- _WORK TO COMPLETE_
Could you give back exactly the lines below from the one with "Description - Barbie" through the one with "Alphonse Mucha Flirt", without a single picture?

- _EXERCISE INPUT_
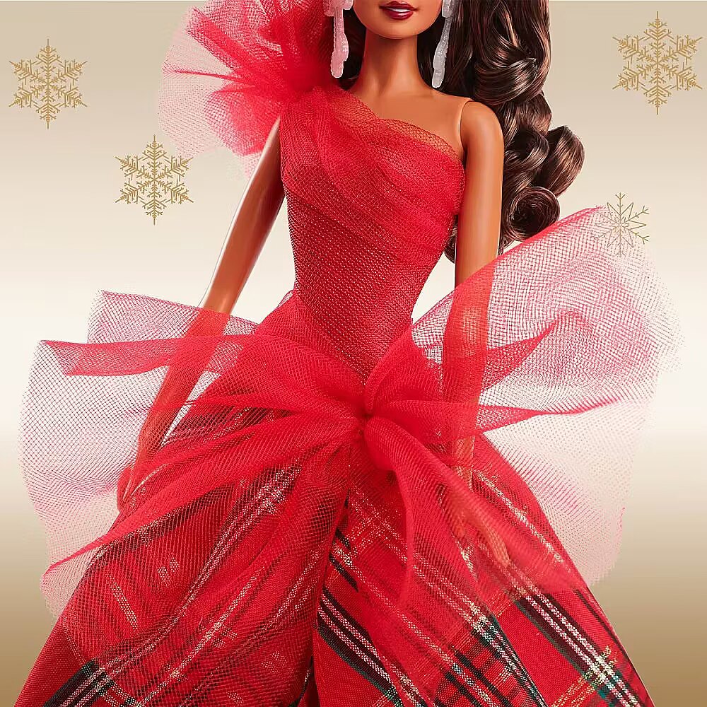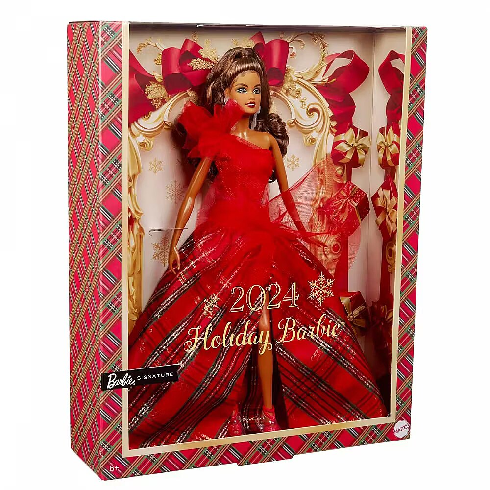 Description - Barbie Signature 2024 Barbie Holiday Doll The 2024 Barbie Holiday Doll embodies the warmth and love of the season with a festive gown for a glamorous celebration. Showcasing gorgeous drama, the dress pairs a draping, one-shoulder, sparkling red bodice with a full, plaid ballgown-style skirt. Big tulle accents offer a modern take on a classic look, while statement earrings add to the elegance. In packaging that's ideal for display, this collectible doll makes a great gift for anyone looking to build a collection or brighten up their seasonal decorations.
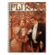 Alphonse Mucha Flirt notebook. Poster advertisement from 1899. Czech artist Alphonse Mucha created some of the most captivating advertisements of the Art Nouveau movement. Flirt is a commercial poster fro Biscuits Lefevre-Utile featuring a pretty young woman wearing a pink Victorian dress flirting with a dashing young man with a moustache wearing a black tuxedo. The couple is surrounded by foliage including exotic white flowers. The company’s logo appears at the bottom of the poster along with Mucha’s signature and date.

...

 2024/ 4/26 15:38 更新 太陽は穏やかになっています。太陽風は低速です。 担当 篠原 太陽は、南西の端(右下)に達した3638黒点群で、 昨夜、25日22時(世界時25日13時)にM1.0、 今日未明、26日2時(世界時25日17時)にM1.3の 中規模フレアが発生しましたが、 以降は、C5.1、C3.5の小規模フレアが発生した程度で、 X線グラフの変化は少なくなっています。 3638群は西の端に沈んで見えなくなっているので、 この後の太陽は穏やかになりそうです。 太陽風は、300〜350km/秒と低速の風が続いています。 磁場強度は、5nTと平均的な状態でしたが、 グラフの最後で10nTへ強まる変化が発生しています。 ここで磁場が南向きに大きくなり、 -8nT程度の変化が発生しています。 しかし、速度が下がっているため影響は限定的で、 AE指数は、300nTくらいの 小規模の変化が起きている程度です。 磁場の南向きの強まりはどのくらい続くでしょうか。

- _WRITTEN RESPONSE_
 Description - Barbie Signature 2024 Barbie Holiday Doll The 2024 Barbie Holiday Doll embodies the warmth and love of the season with a festive gown for a glamorous celebration. Showcasing gorgeous drama, the dress pairs a draping, one-shoulder, sparkling red bodice with a full, plaid ballgown-style skirt. Big tulle accents offer a modern take on a classic look, while statement earrings add to the elegance. In packaging that's ideal for display, this collectible doll makes a great gift for anyone looking to build a collection or brighten up their seasonal decorations.
 Alphonse Mucha Flirt notebook. Poster advertisement from 1899. Czech artist Alphonse Mucha created some of the most captivating advertisements of the Art Nouveau movement. Flirt is a commercial poster fro Biscuits Lefevre-Utile featuring a pretty young woman wearing a pink Victorian dress flirting with a dashing young man with a moustache wearing a black tuxedo. The couple is surrounded by foliage including exotic white flowers. The company’s logo appears at the bottom of the poster along with Mucha’s signature and date.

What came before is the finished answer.